··· Data records

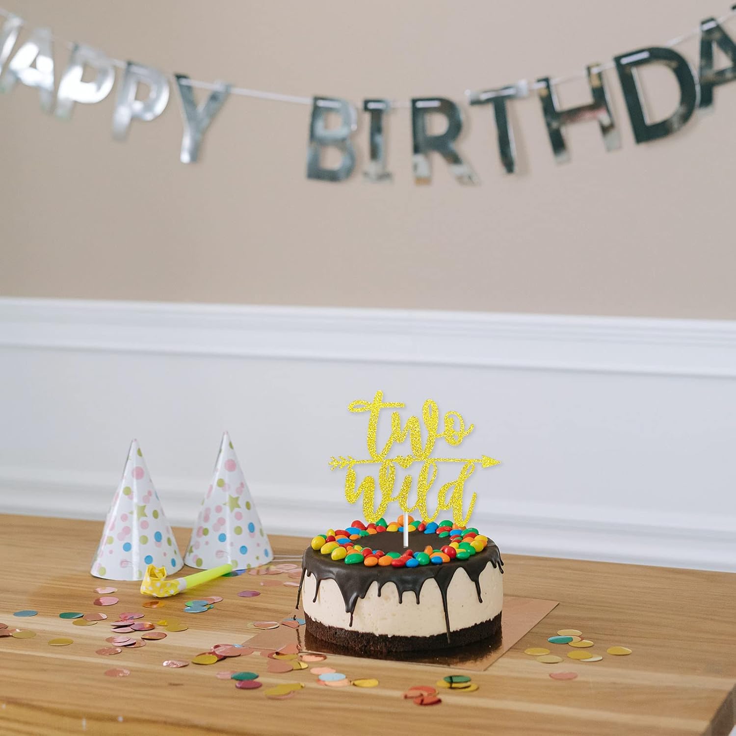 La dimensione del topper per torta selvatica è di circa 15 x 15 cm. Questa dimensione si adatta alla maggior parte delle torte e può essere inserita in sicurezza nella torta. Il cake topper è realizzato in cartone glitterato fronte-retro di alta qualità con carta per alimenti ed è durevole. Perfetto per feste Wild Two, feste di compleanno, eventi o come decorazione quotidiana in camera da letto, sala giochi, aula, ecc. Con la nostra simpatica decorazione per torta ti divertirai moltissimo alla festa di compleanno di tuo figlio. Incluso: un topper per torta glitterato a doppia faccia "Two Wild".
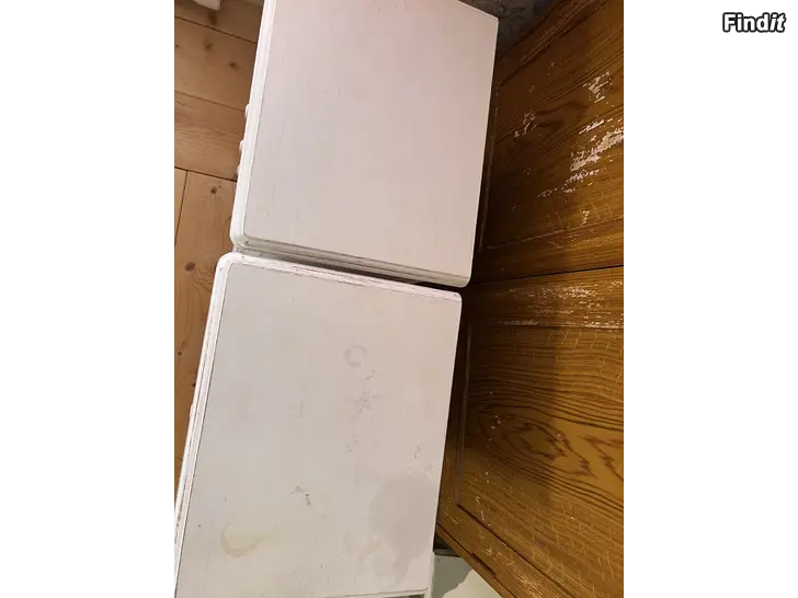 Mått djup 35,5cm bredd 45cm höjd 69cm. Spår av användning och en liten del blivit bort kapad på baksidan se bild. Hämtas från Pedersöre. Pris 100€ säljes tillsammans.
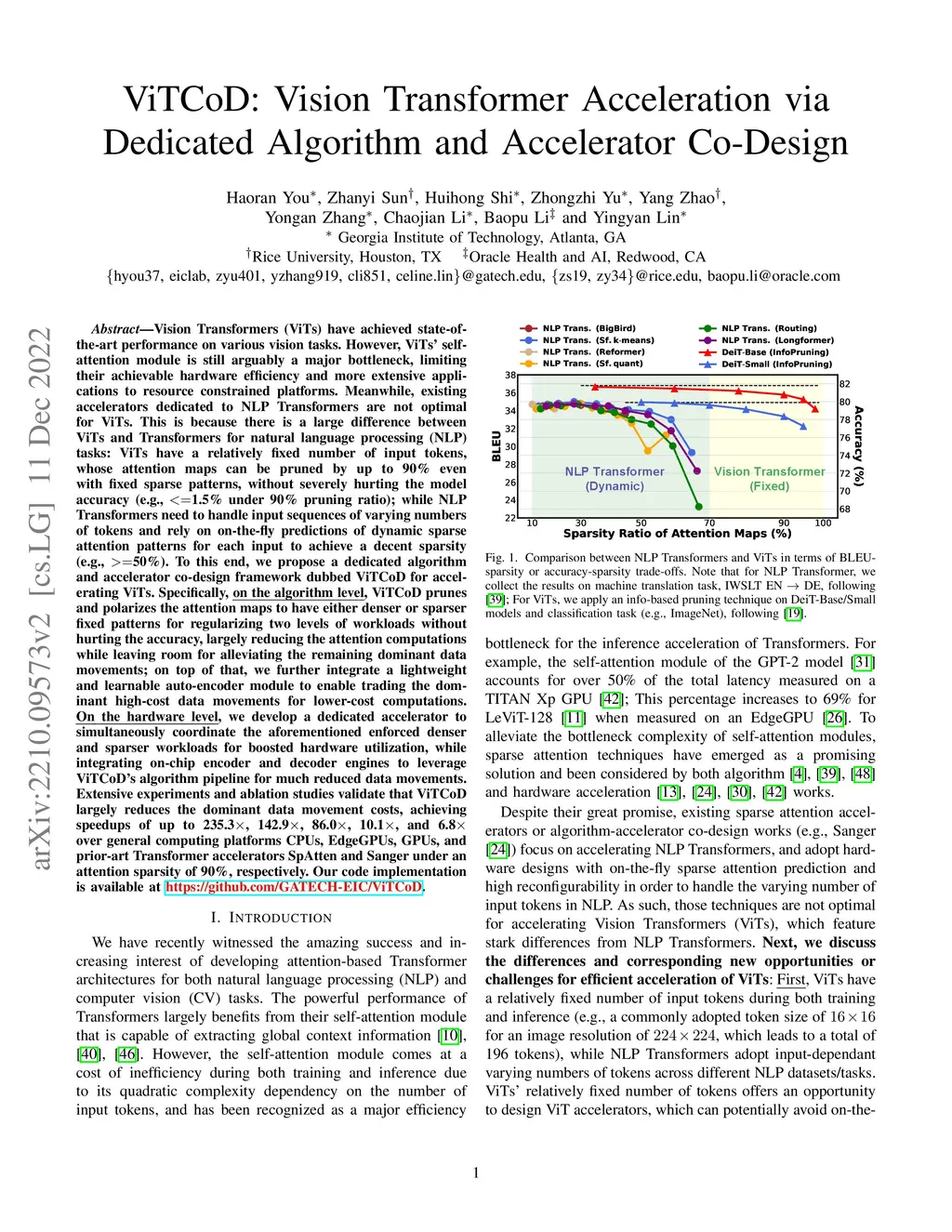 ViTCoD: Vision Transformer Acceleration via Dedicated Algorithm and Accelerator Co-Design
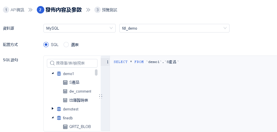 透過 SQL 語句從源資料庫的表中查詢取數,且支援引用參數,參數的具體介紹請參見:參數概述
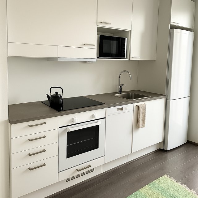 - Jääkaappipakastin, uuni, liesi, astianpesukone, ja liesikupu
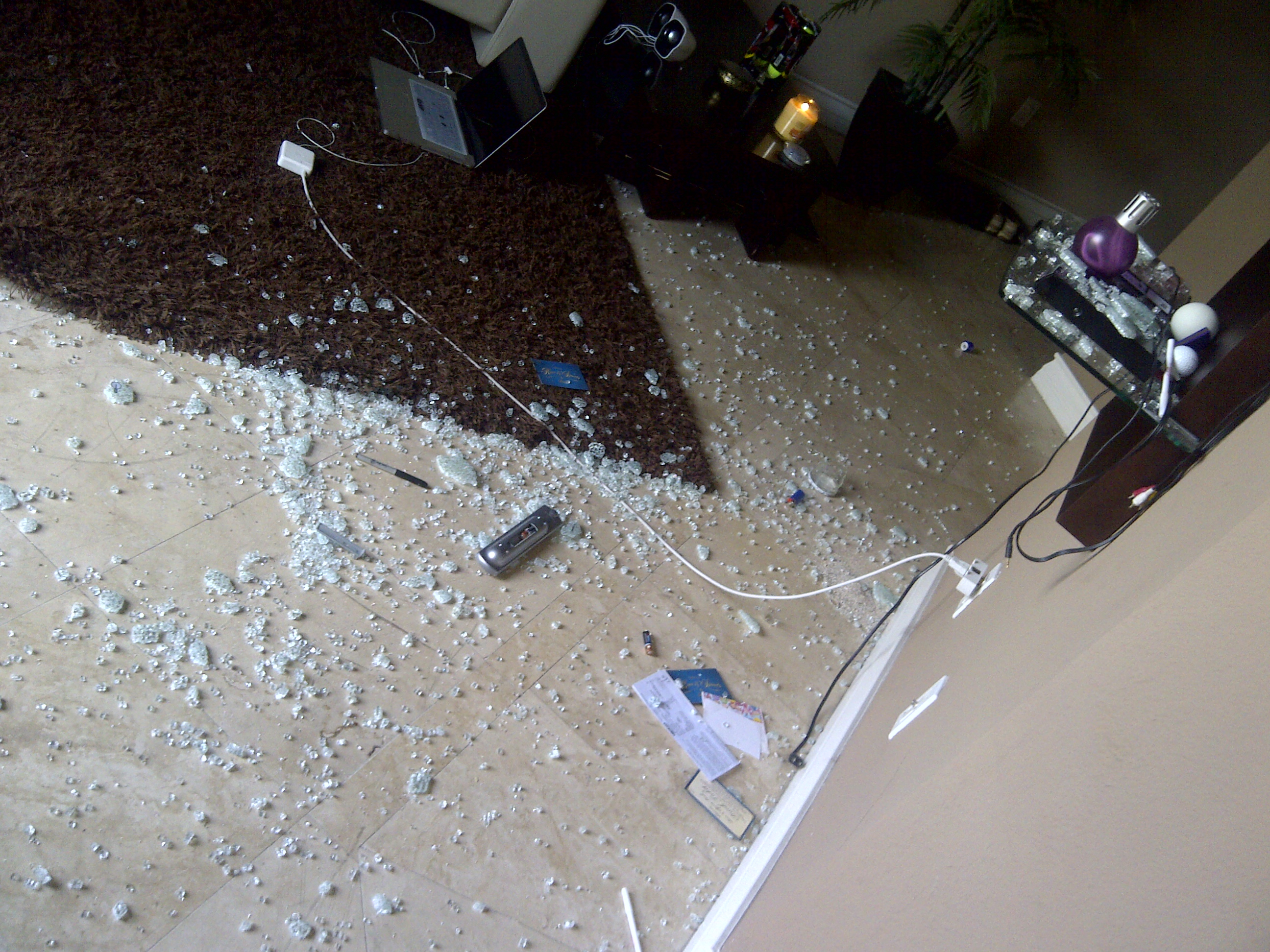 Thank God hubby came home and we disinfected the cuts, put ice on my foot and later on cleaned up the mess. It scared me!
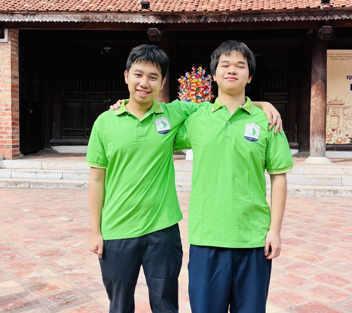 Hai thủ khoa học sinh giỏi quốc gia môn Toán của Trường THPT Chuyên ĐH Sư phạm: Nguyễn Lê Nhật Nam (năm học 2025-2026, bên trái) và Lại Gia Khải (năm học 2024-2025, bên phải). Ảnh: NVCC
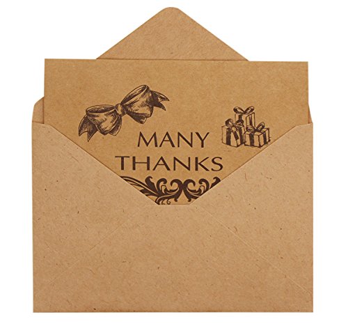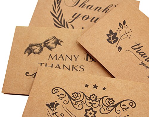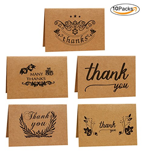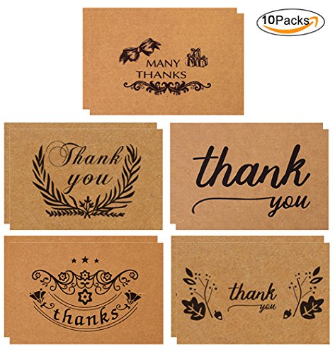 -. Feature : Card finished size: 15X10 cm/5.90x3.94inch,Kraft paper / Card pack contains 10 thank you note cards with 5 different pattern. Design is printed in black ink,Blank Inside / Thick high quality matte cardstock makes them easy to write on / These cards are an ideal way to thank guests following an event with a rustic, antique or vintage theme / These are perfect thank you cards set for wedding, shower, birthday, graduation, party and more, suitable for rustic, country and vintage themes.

······
··· Data records

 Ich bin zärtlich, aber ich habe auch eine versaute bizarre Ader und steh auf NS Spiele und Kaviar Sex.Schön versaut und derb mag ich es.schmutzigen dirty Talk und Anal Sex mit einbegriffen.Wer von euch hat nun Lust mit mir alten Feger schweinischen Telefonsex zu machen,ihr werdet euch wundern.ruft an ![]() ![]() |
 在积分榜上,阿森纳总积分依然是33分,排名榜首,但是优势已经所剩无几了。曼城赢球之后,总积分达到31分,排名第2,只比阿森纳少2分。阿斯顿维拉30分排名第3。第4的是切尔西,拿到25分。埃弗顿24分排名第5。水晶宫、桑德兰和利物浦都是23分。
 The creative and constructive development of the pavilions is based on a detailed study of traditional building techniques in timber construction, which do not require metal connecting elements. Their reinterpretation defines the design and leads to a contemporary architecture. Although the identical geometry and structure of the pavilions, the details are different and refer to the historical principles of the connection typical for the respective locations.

······

- About this exercise: Nothing but the lines from the one with "Mått djup 35,5cm" to the one with "-. Feature : Card" above, both included, should be transcribed, exactly and without pictures.

- Response to the task:
 Mått djup 35,5cm bredd 45cm höjd 69cm. Spår av användning och en liten del blivit bort kapad på baksidan se bild. Hämtas från Pedersöre. Pris 100€ säljes tillsammans.
 ViTCoD: Vision Transformer Acceleration via Dedicated Algorithm and Accelerator Co-Design
 透過 SQL 語句從源資料庫的表中查詢取數,且支援引用參數,參數的具體介紹請參見:參數概述
 - Jääkaappipakastin, uuni, liesi, astianpesukone, ja liesikupu
 Thank God hubby came home and we disinfected the cuts, put ice on my foot and later on cleaned up the mess. It scared me!
 Hai thủ khoa học sinh giỏi quốc gia môn Toán của Trường THPT Chuyên ĐH Sư phạm: Nguyễn Lê Nhật Nam (năm học 2025-2026, bên trái) và Lại Gia Khải (năm học 2024-2025, bên phải). Ảnh: NVCC
 -. Feature : Card finished size: 15X10 cm/5.90x3.94inch,Kraft paper / Card pack contains 10 thank you note cards with 5 different pattern. Design is printed in black ink,Blank Inside / Thick high quality matte cardstock makes them easy to write on / These cards are an ideal way to thank guests following an event with a rustic, antique or vintage theme / These are perfect thank you cards set for wedding, shower, birthday, graduation, party and more, suitable for rustic, country and vintage themes.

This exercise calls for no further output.